7. determine all the points on the graph of y = x^3 + x^2 - x + 1 where the tangent is horizontal.

7. determine all the points on the graph of y = x^3 + x^2 - x + 1 where the tangent is horizontal.
Answer
Explanation:
Step1: Find the derivative
The derivative of $y = x^{3}+x^{2}-x + 1$ using the power - rule $(x^n)'=nx^{n - 1}$ is $y'=3x^{2}+2x - 1$.
Step2: Set the derivative equal to 0
Since the slope of a horizontal tangent is 0, we set $y' = 0$. So, $3x^{2}+2x - 1=0$.

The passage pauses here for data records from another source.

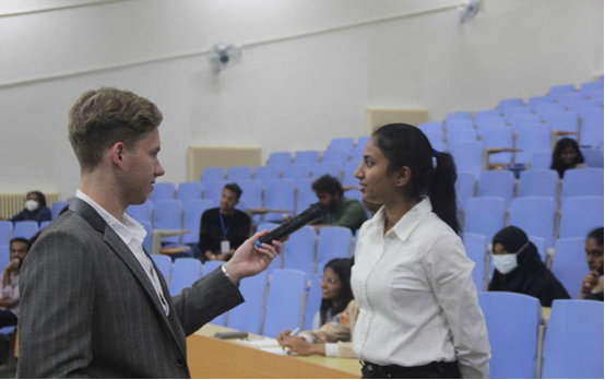 联合国际学生学生会在学院G111教室成功举办了一场医学知识竞赛,吸引了众多留学生的参与。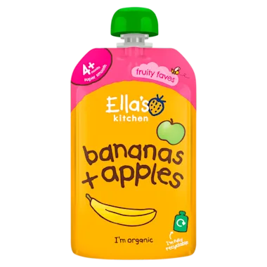 Babyvoeding. Biologische bananen- en appelpuree met citroensapconcentraat.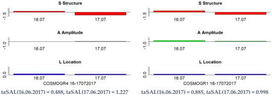 SAL component diagrams for the period 16–17 July 2017 for COSMOGR4 (left) and COSMOGR1 (right).
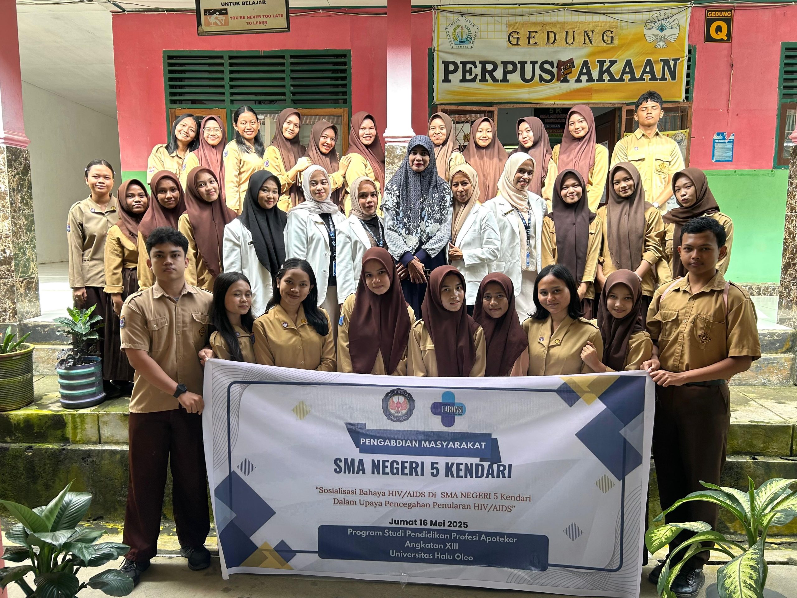 Dalam rangka meningkatkan kesadaran remaja terhadap pentingnya mengenali bahaya HIV/AIDS dan upaya pencegahan penularan HIV/AIDS, para mahasiswa dari Profesi Apoteker dari Universitas Halu Oleo, menggelar kegiatan sosialisasi di SMA Negeri 5 Kendari pada hari Jumat , pukul 08.30 Wita. Kegiatan ini diikuti antusias oleh puluhan siswa siswi kelas XI SMA Negeri 5 Kendari.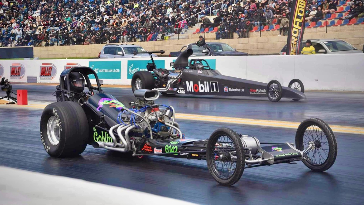 Top fuel racer Wayne Newby set the track record at 3.761 seconds – just 0.12s outside the world record time over 1000 feet.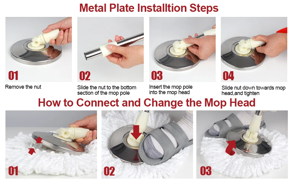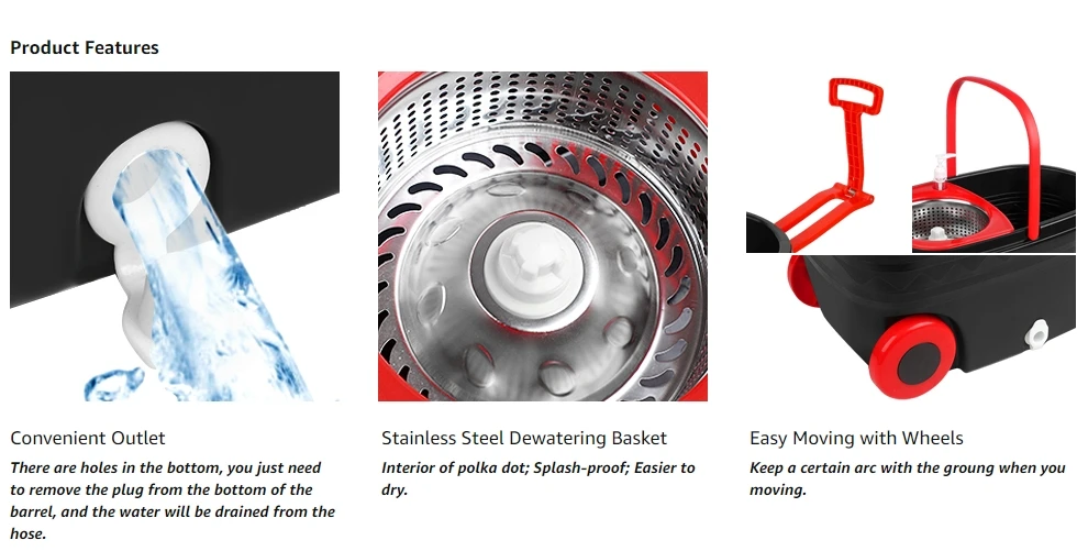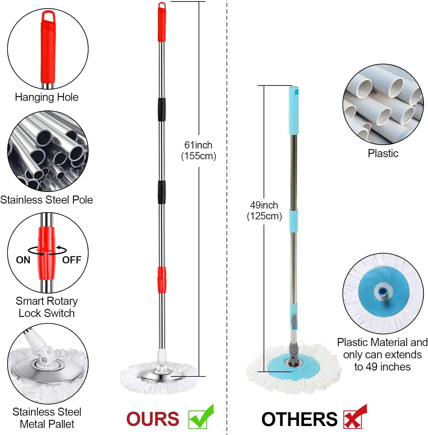 Quality material - unlike others, basket, wringer, pallet and handle of our spin mop are Made of durable stainless steel and PP. Upgraded handle allows the mop head to wing drier and make less noise. The telescoping handle adjusts up to 61 inch, so you don’t have to bend down and suffer from back pain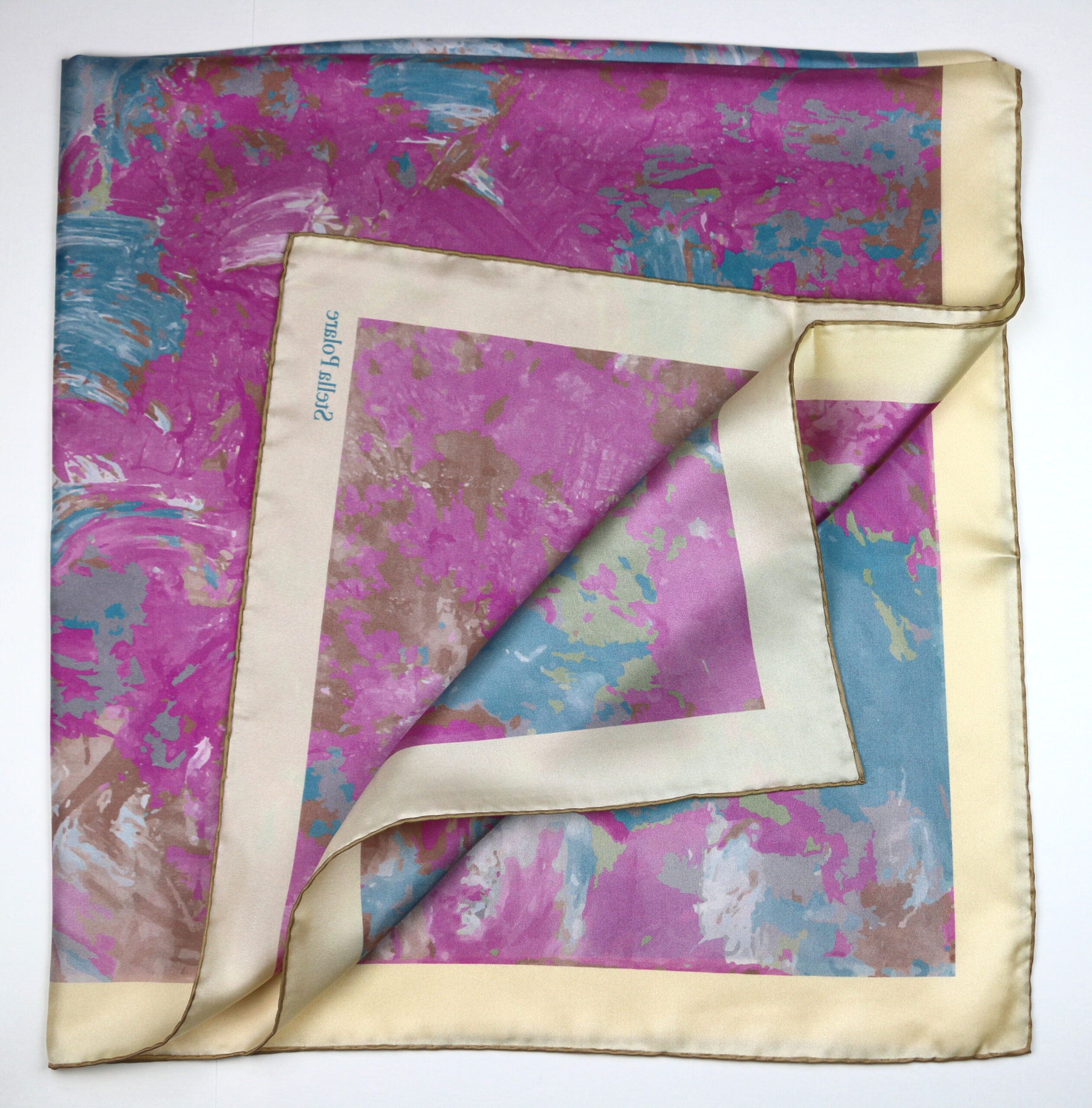 Technical description : 100% silk, scarf size 90×90 cm, designed in Paris, printed and hand rolled in Italy, with love and care.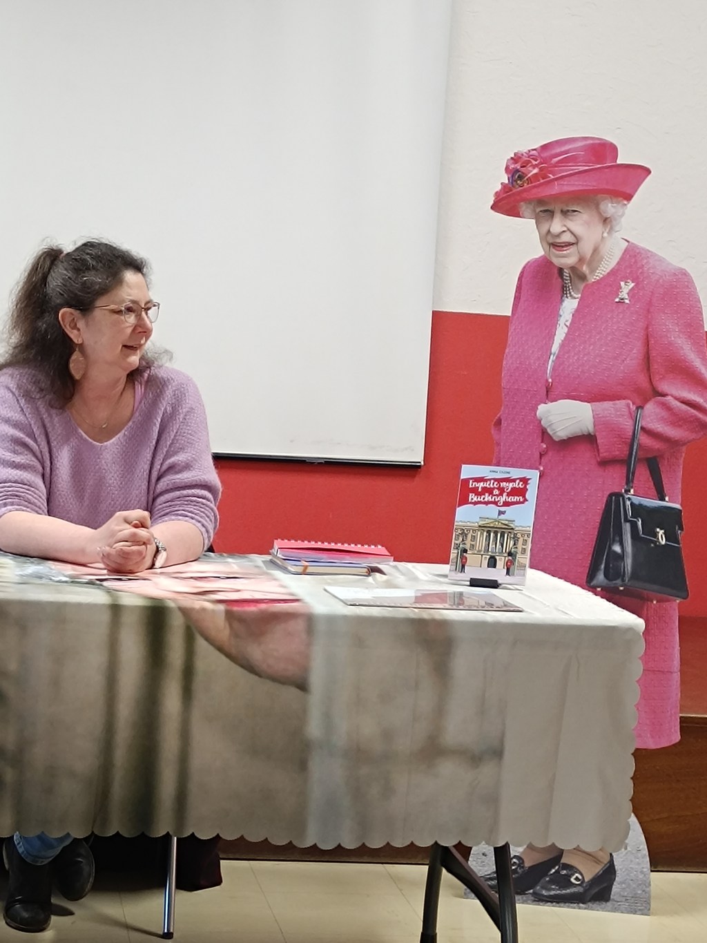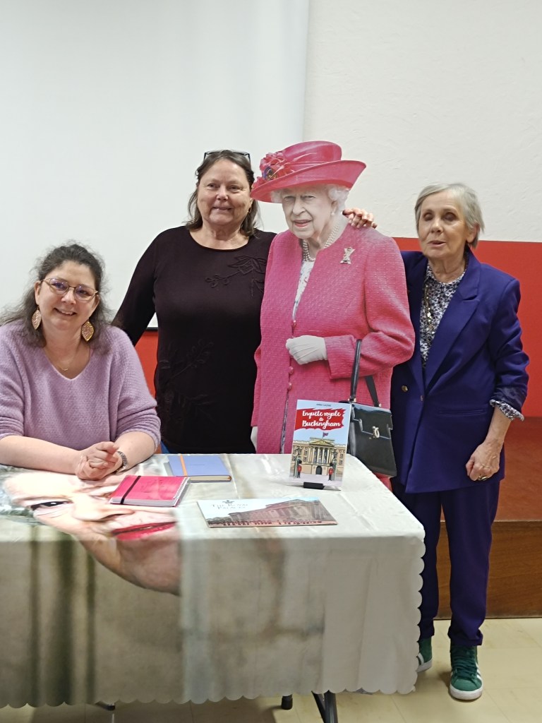 Photos de la Présentation du roman policier ENQUETE ROYALE à BUCKINGHAM PAR l’autrice Creusoise ANNA CAZINE au café franglais d’AIPB à Boussac
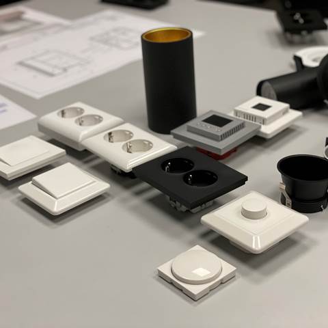 Her kan du se noen av de ulike støpslene og ulike dimmere som kan velges.
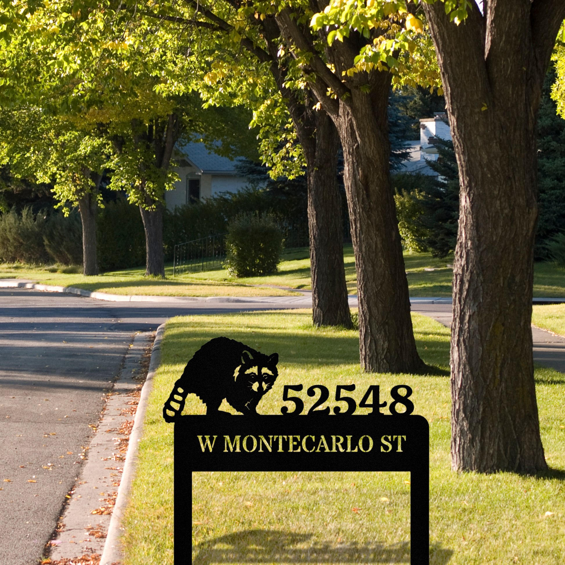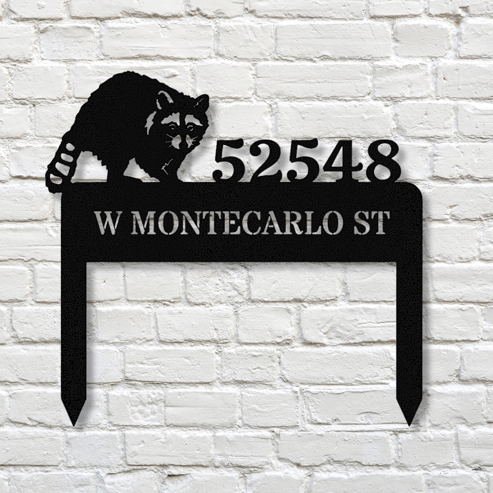 Raccoon Metal Address Stake, Customized Horizontal Address Sign, Personalized Address Signage, House Address, Metal House Number Stake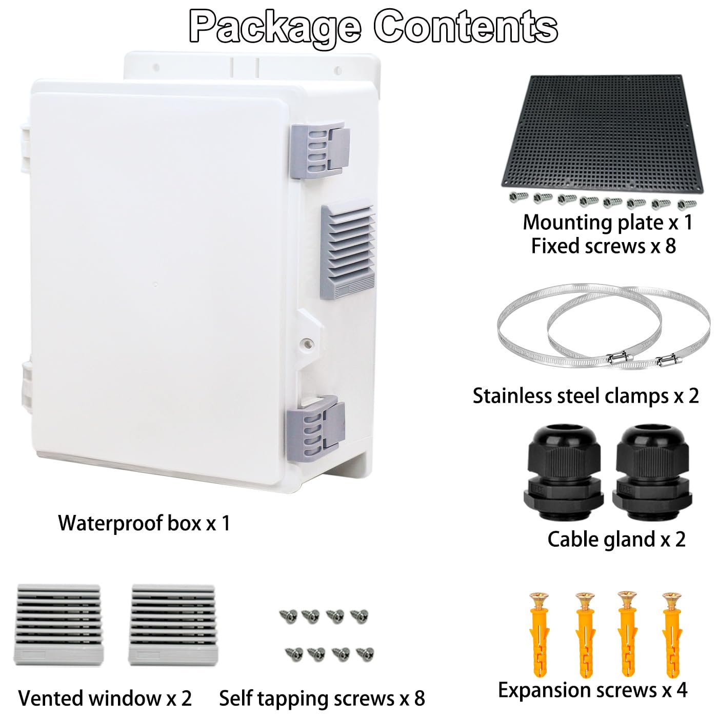 【Abundant Accessories】 Features an internal mounting panel for easy installation of electrical components, 2 cable glands for easy access of wire connection,2 stainless steel hoops and 4 sets of metal fixing screws for installing on wall or other fence.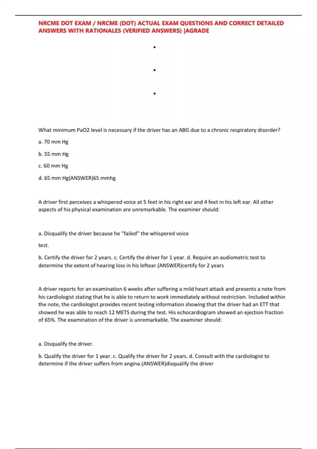 NRCME DOT EXAM / NRCME (DOT) ACTUAL EXAM QUESTIONS AND CORRECT DETAILED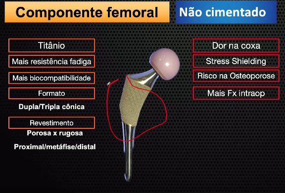 Componente femoral não cimentado - características técnicas e material ideal, vantagens e desvantagens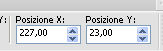 e imposta Posizione X: 227,00 e Posizione Y: 23,00.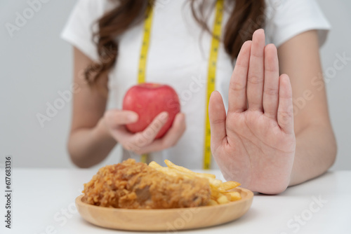 Beauty slim female body confuse French fries. Woman in restaurant achieves weight loss goal for healthy life, crazy about thinness, thin waist, nutritionist. Diet, body shape.

Step3: Solve the quadratic equation
Factor the quadratic equation: $3x^{2}+2x - 1=(3x - 1)(x + 1)=0$. Then, $3x-1 = 0$ gives $x=\frac{1}{3}$, and $x + 1=0$ gives $x=-1$.
Step4: Find the corresponding y - values
When $x=\frac{1}{3}$, $y=(\frac{1}{3})^{3}+(\frac{1}{3})^{2}-\frac{1}{3}+1=\frac{1}{27}+\frac{1}{9}-\frac{1}{3}+1=\frac{1 + 3-9 + 27}{27}=\frac{22}{27}$. When $x=-1$, $y=(-1)^{3}+(-1)^{2}-(-1)+1=-1 + 1+1 + 1=2$.
Answer:
The points are $(\frac{1}{3},\frac{22}{27})$ and $(-1,2)$.